Prognostic Methods for Photovoltaic Systems’ Underperformance and Degradation: Status, Perspectives, and Challenges

by
Gianfranco Di Lorenzo
,
Erika Stracqualursi
,
Leonardo Micheli
,
Salvatore Celozzi
and
Rodolfo Araneo
*
Department of Astronautical, Electrical and Energy Engineering Sapienza, University of Rome, Via Eudossiana 18, 00184 Rome, Italy
*
Author to whom correspondence should be addressed.
Energies 2022, 15(17), 6413; https://doi.org/10.3390/en15176413
Submission received: 18 August 2022 / Accepted: 27 August 2022 / Published: 2 September 2022
The ongoing energy crisis and the rising prices of fossil fuels have accelerated the need for a renewable energy transition. Thanks to its low cost and versatility, photovoltaics (PV) is one of the renewable technologies expected to contribute most significantly to achieving this goal. In just a decade, PV capabilities have grown from 100 GW in 2012 to 1 TW, which was achieved in early 2022 [1]. This exponential increase is expected to continue, reaching 2 TW by the end of 2025.
The installation of new modules and systems is the essential contribution that PV makes toward achieving a more sustainable society. However, it should not be the only contribution. Indeed, installing new modules and systems can increase land competition between PV and other activities, such as agriculture, and pose risks to biodiversity [2]. For this reason, the community is already working on novel solutions to alleviate these issues, such as agriPV, building-integrated PV (BIPV), and floating PV. Additionally, the current regulatory framework concerning citizen and renewal energy communities [3] will foster the installation of shared rooftop or building-integrated PV systems in multi-apartment blocks and districts, which will be a valuable driver for the development of more decentralized forms of energy governance.
The optimization of the performance of the existing PV capacity may represent an additional step toward more sharing of renewable energy. In this way, resource efficiency can be maximized in terms of land, PV material, and electrical infrastructure usage. PV systems are indeed subject to several reversible and irreversible losses, hazardous and non-hazardous failures, and issues [4] (often triggered by exogenous or endogenous events) that affect their performance and eventually cause plants to shut down [5]. Preventive and corrective measures and troubleshooting can be put in place to maximize the energy yield of PV systems. They usually occur during regularly scheduled routine maintenance visits or, depending on the importance, according to an unscheduled procedure. However, these actions may require a long time for working on, testing, or inspecting components. Consequently, they are conditional based on the owner and contractual requirements, and site-specific cost–benefit analyses often determine whether they are warranted. Today, when properly applied, advanced monitoring [6], prognostic methods [7], and predictive maintenance [8,9], often supported by (data-driven) artificial intelligence approaches [10], can proactively facilitate seeking the fundamental causes that lead to failures. The objectives are (i) providing information in an autonomous way that can help to prevent the problem quickly, efficiently, and economically, and (ii) finding the fundamental cause of the problem, not just its outcome. These objectives allow the contributions of PV to increase in terms of market share, without considering any additional capacity that will be installed in the future. Moreover, if opportunely planned, these measures can also increase the profits for PV plant owners and operators, making PV even more appealing for further investments.

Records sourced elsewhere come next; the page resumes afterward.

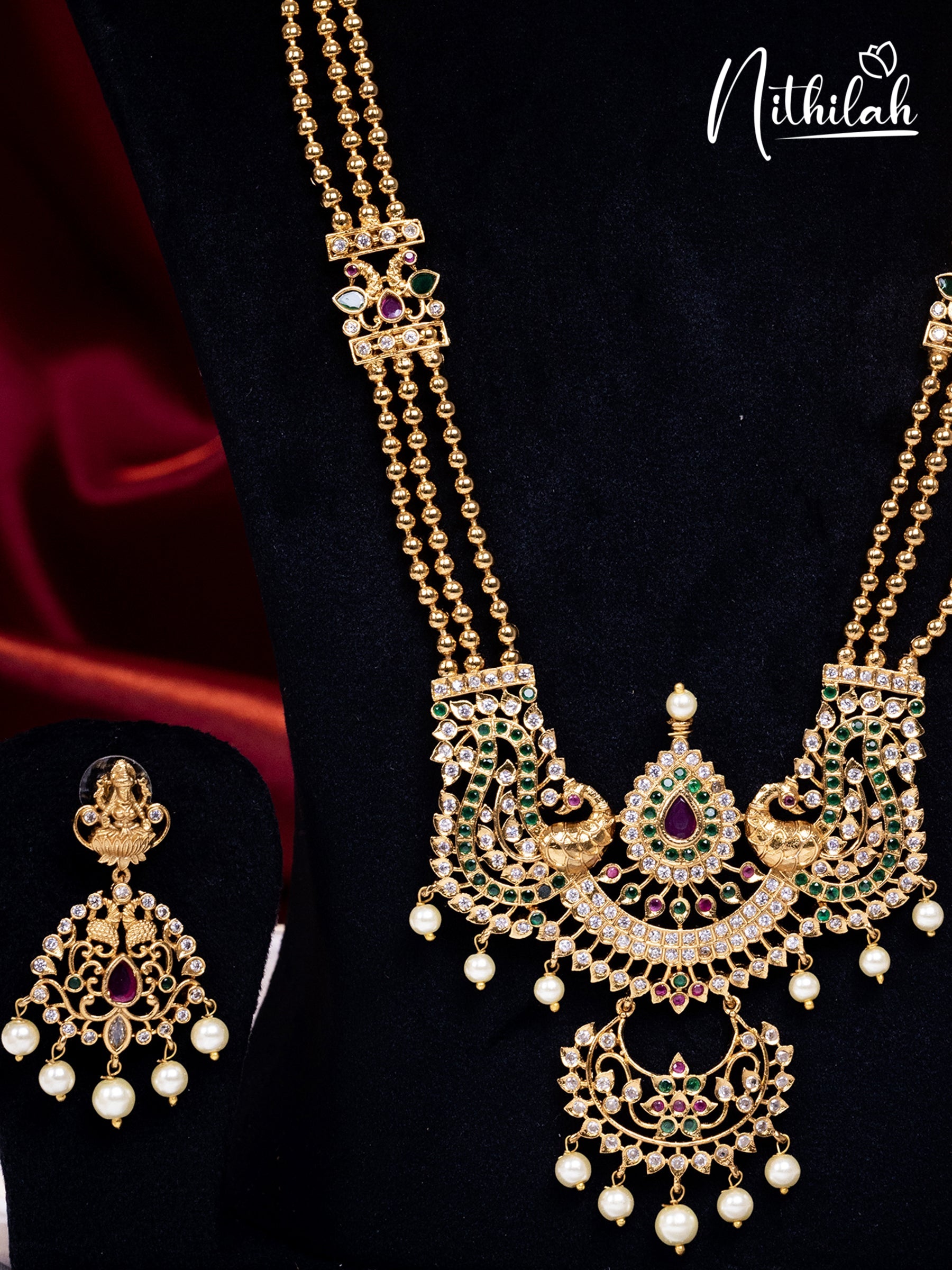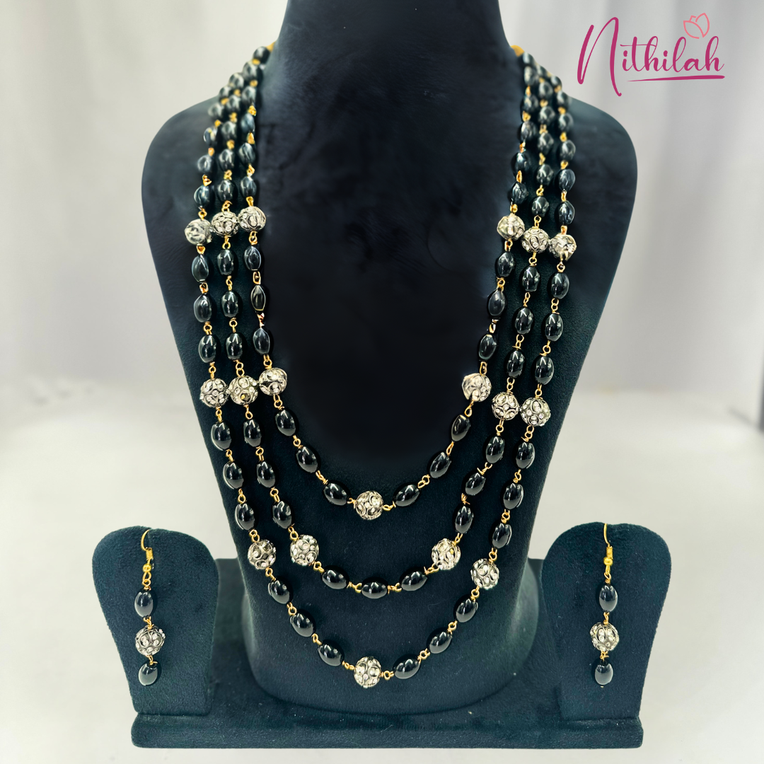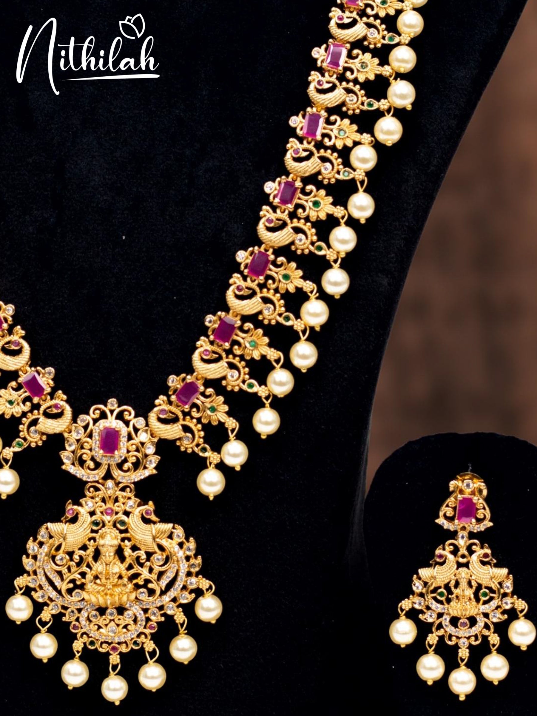 Long Harams also referred to as classical Indian Necklaces, which is a symbol of timeless beauty and cultural richness. Nithilah offers exquisite jewel pieces which is a perfect blend of tradition and style. Explore our unique collection priced less than 2500 featuring Barrel Beads, Oxidized Finish, Kundan Embellishments, Lakshmi Motifs, Antique Charm, and the popular Guttapusalu Design. The brilliant hues of barrel beads can enhance your ethnic attire after being donned with Long Harams. The cylindrical beads of barrel add a touch of delicacy and are a perfect choice for ladies who prefer refinement with grace.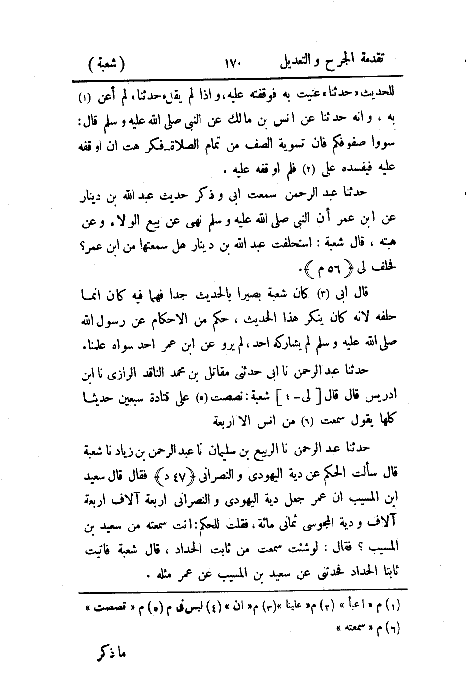 حَدثنا عَبد الرَّحمن، حَدثنا أبي حدثني مقاتل بن محمد الناقد الرازي، حَدثنا ابن إدريس قال: قال لي شُعبة: نصصت على قتادة سبعين حديثا كلها يقول: سَمِعتُ من أَنس إِلاَّ أَربعة.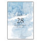 Elégante aquarelle fleurie carte de numéro de table mariage avec pivoine et hydrangée dans les accents de bleu poussiéreux, sauge, et gris.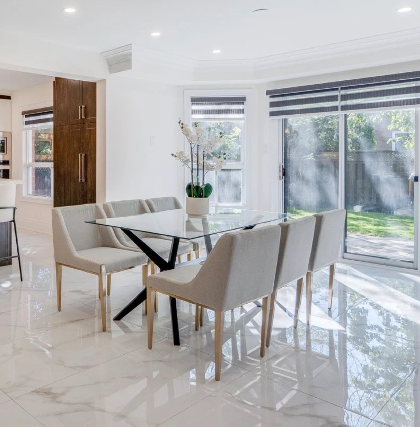 • dining table with white chairs – $399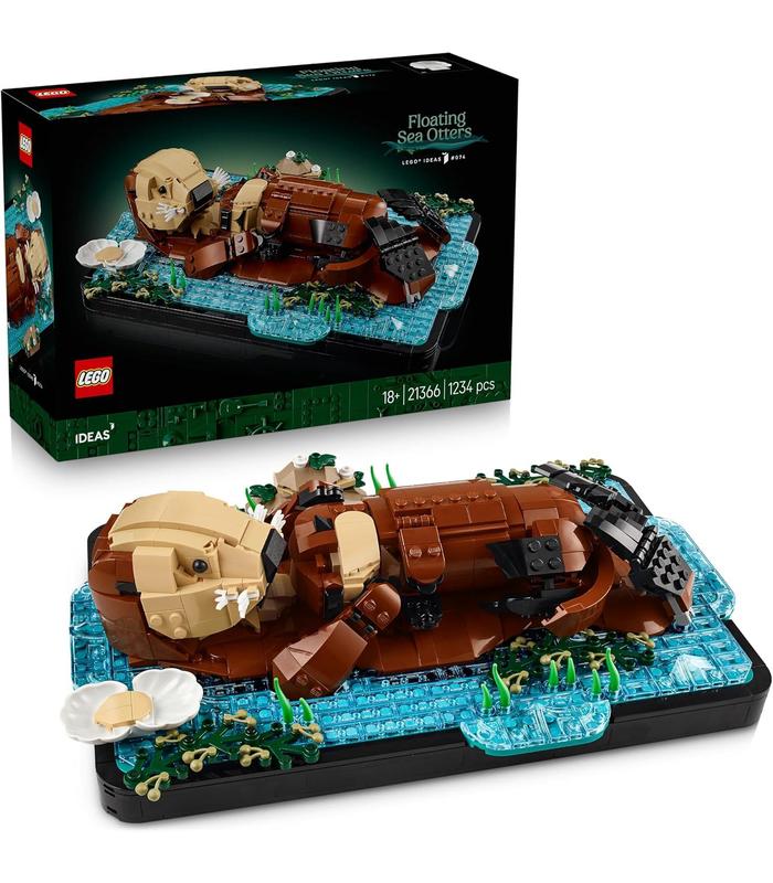 ADORABLE DECORACIÓN PARA EL HOGAR: Capta la ternura, la calma y el amor mutuo de 2 animales marinos con este kit de manualidades para adultos LEGO Ideas Nutrias Marinas a Flote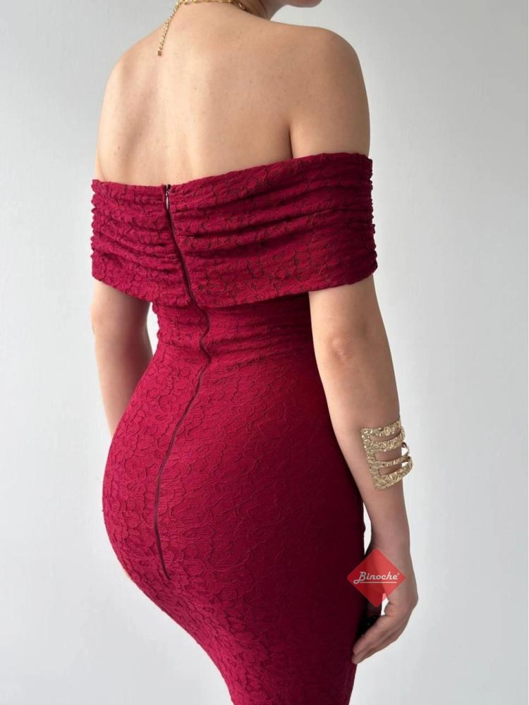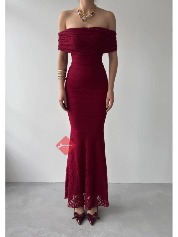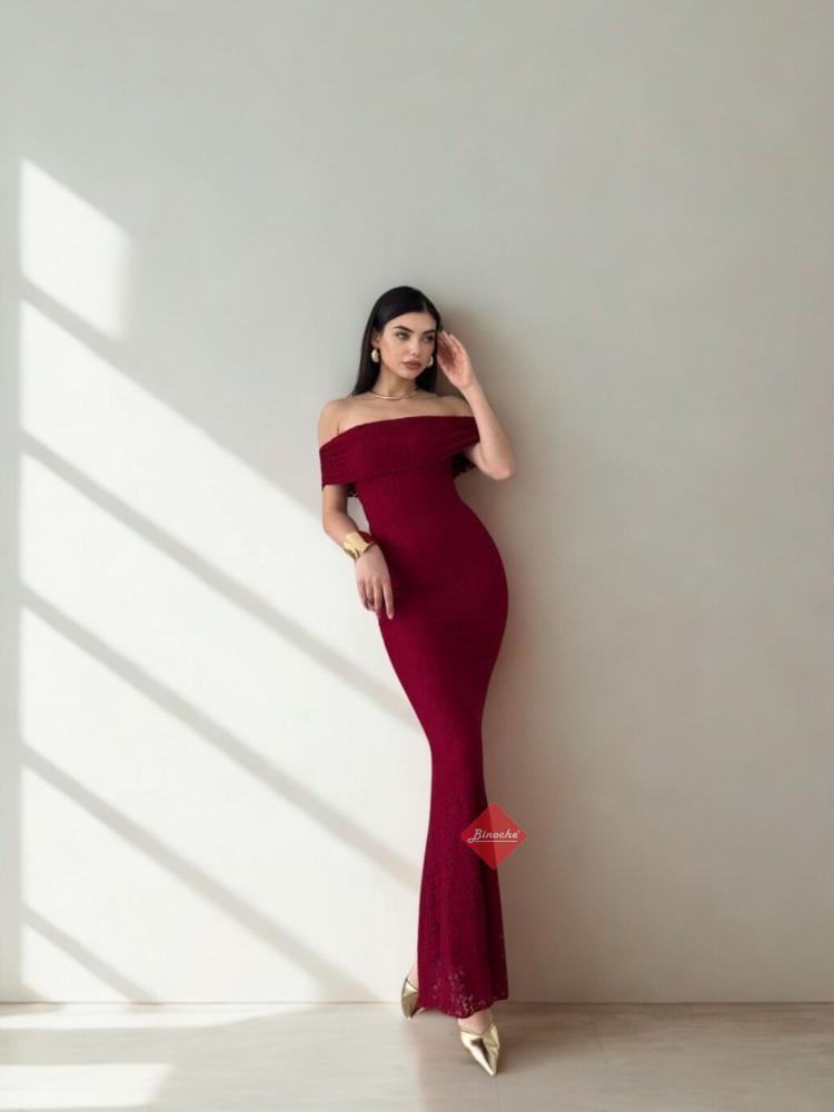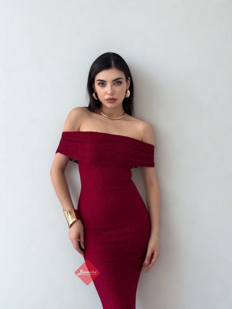 تفاصيل اكثر عن الفستان: كوني محط الأنظار في فستان الدانتيل الآسر، الذي يجمع بين الفخامة والجاذبية. يتميز هذا الفستان بتصميم اوف شولدر الأنيق وأكمام واسعة مزينة بالدانتيل

This editorial proposes a roadmap of prognostic methods for detecting PV systems’ underperformance and degradation in alignment with current best practices and state-of-the-art research. Although several challenges need to be tackled, future perspectives of advanced monitoring strategies and technologies suggest that prognostic methods will provide significant cost-saving opportunities for the management of PV plants.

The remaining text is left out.